Collected data

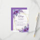 Aquí, este diseño tiene un patrón floral botánico violáceo y púrpura con marco geométrico de flujo dorado. Todos los detalles de estas tarjetas rsvp son fácilmente personalizable, solo tiene que hacer clic en el botón de personalización. Esta tarjeta en el lado posterior tiene un fondo elegante morado oscuro.
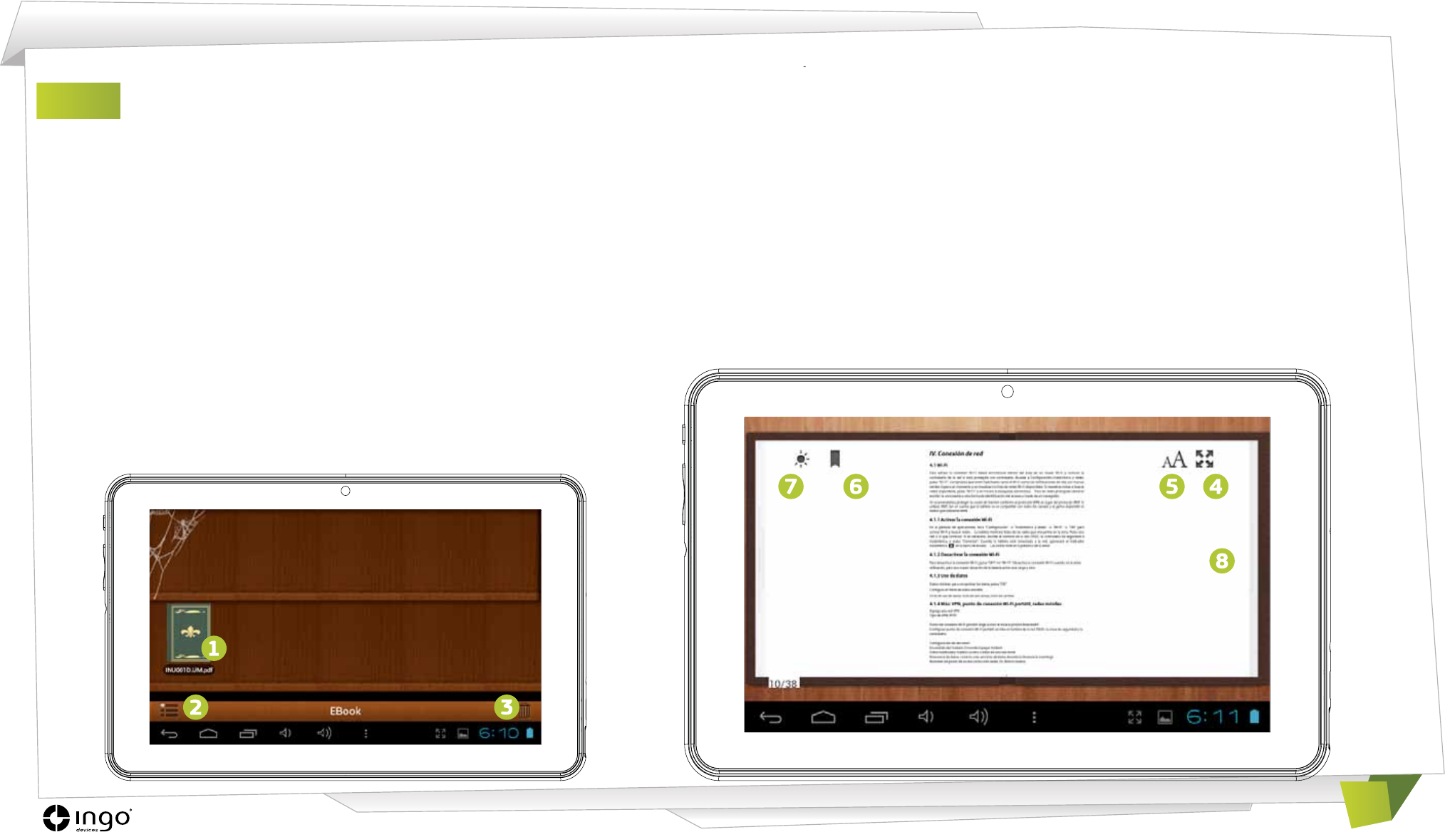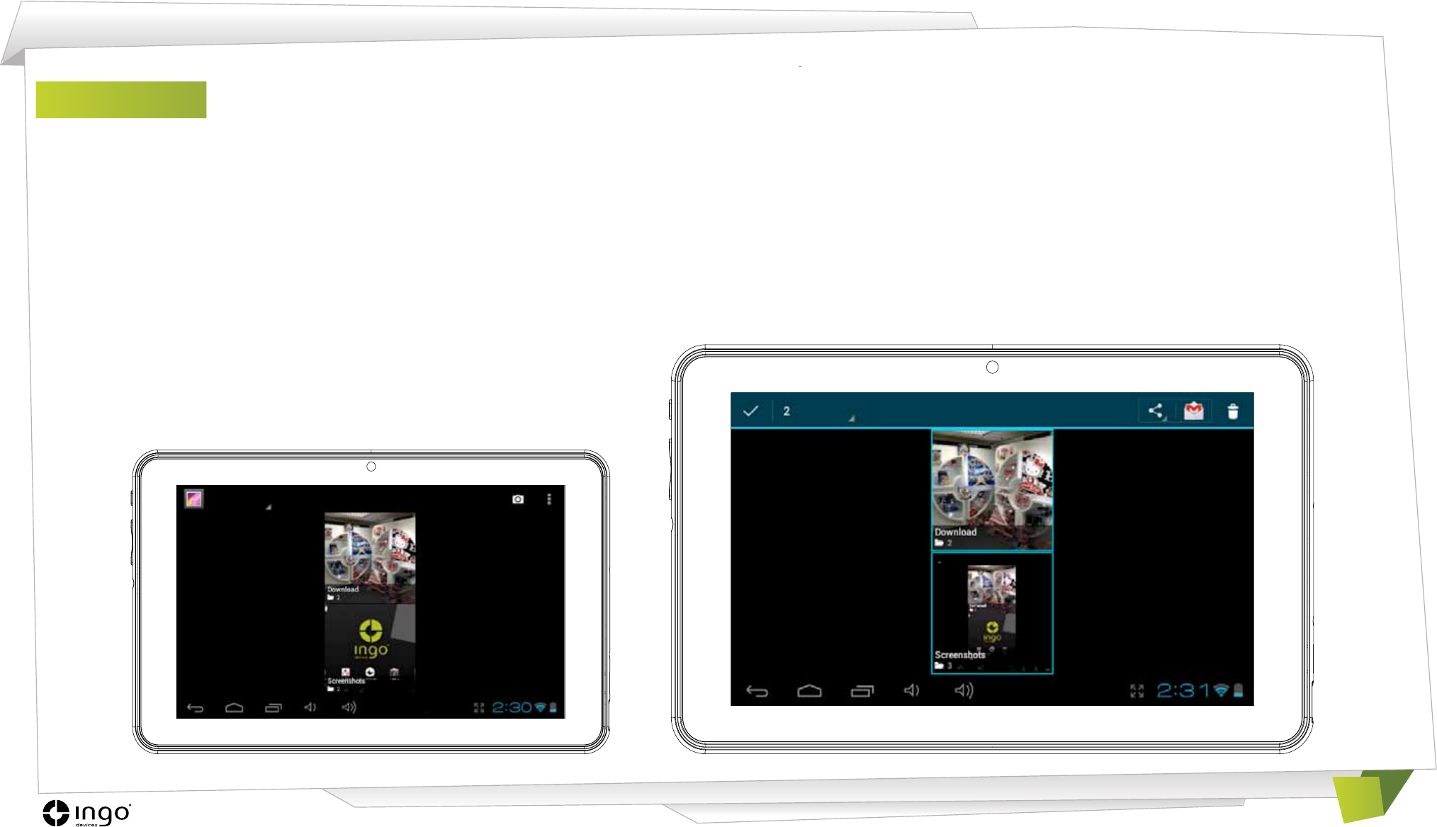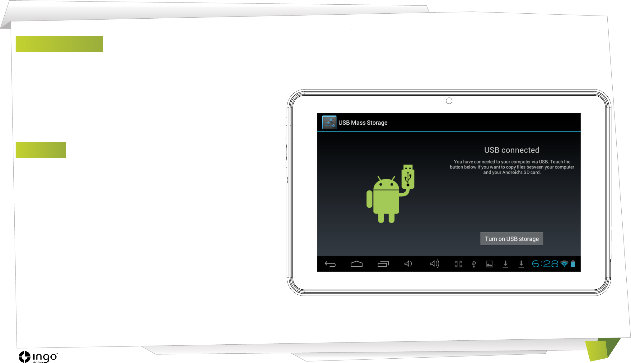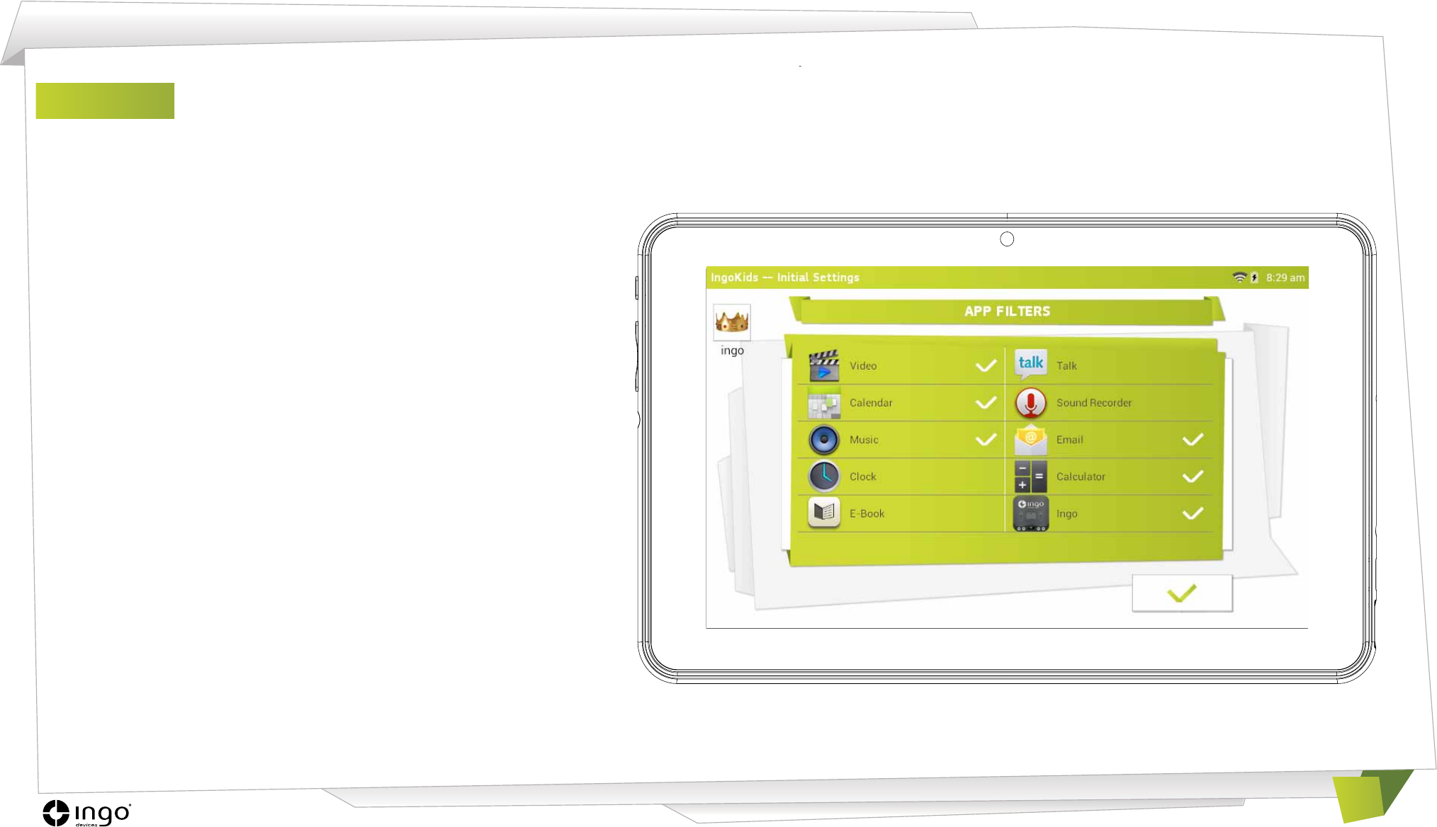 The Ingo tablet has a multi touch capacitive screen. You only need your ngers to control it. Touch the screen to open applications, videos and les.
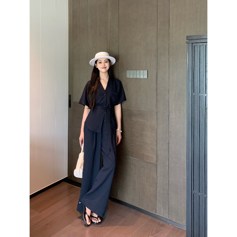 2025新款时尚套装纯色气质长袖衬衫女秋季高腰显瘦休闲长裤两件套
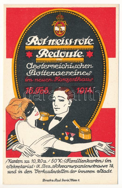 Rot-weiss-rote Redoute des Oesterreichischen Flottenvereines im neuen Konzerthaus 16. Feb. 1914. - Druck v. Paul Gerin, K.u.k. Kriegsmarine / Osztrák-Magyar Monarchia haditengerészeti báljának a meghívója / Austro-Hungarian Navy ball's invitation
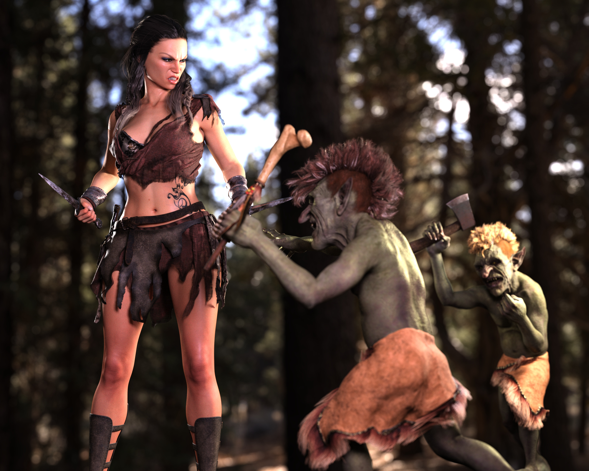Auf ihrem Weg zu neuen Abenteuern wurde Shara von Goblins angegriffen . Schnell zog sie ihre Dolche!
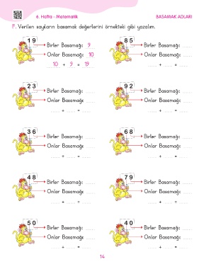 F. Verilen sayıların basamak değerlerini örnekteki gibi yazalım.
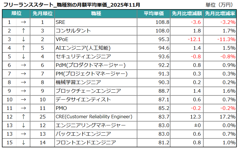 また、「CRE」の単価が83.7万円(+12.3万円/17.2%増)と急上昇しています。テクニカルサポートを通じて顧客の信頼性を担保する役割が重視され、技術的な専門性を持つ人材の需要が高まっていると推測されます。
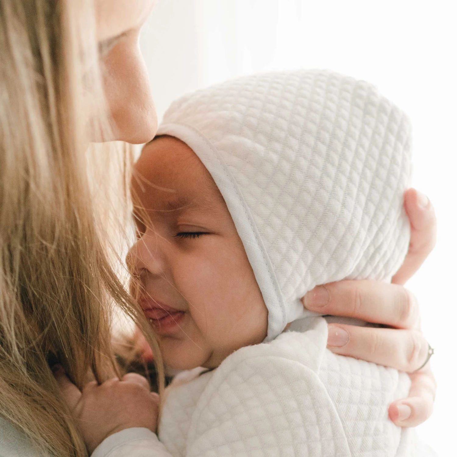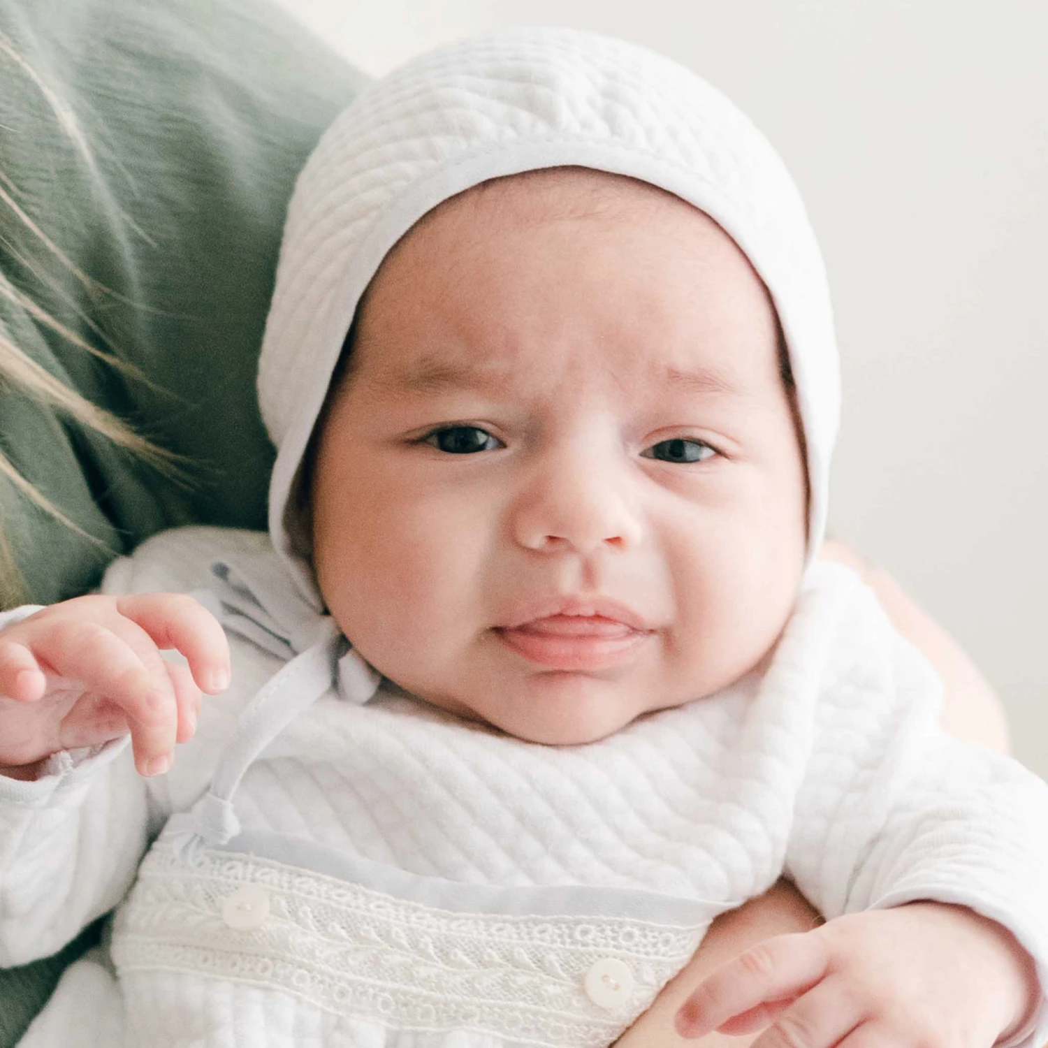 This vintage inspired boys baby bonnet is the perfect finishing touch to his take home outfit. Made with our soft quilted cotton in white, it is trimmed in light blue linen so it matches his Harrison newborn gown, yet is simply styled for any coming home outfit. Blue linen ties under the chin allow for a comfortable fit. An adorable traditional baby bonnet to keep your newborn baby warm and styled.

Task directions
Exactly the lines from the one holding "Rot-weiss-rote Redoute des" to the last line of the records above should be duplicated, with no pictures among them.

Task output
 Rot-weiss-rote Redoute des Oesterreichischen Flottenvereines im neuen Konzerthaus 16. Feb. 1914. - Druck v. Paul Gerin, K.u.k. Kriegsmarine / Osztrák-Magyar Monarchia haditengerészeti báljának a meghívója / Austro-Hungarian Navy ball's invitation
Auf ihrem Weg zu neuen Abenteuern wurde Shara von Goblins angegriffen . Schnell zog sie ihre Dolche!
 F. Verilen sayıların basamak değerlerini örnekteki gibi yazalım.
 また、「CRE」の単価が83.7万円(+12.3万円/17.2%増)と急上昇しています。テクニカルサポートを通じて顧客の信頼性を担保する役割が重視され、技術的な専門性を持つ人材の需要が高まっていると推測されます。
 This vintage inspired boys baby bonnet is the perfect finishing touch to his take home outfit. Made with our soft quilted cotton in white, it is trimmed in light blue linen so it matches his Harrison newborn gown, yet is simply styled for any coming home outfit. Blue linen ties under the chin allow for a comfortable fit. An adorable traditional baby bonnet to keep your newborn baby warm and styled.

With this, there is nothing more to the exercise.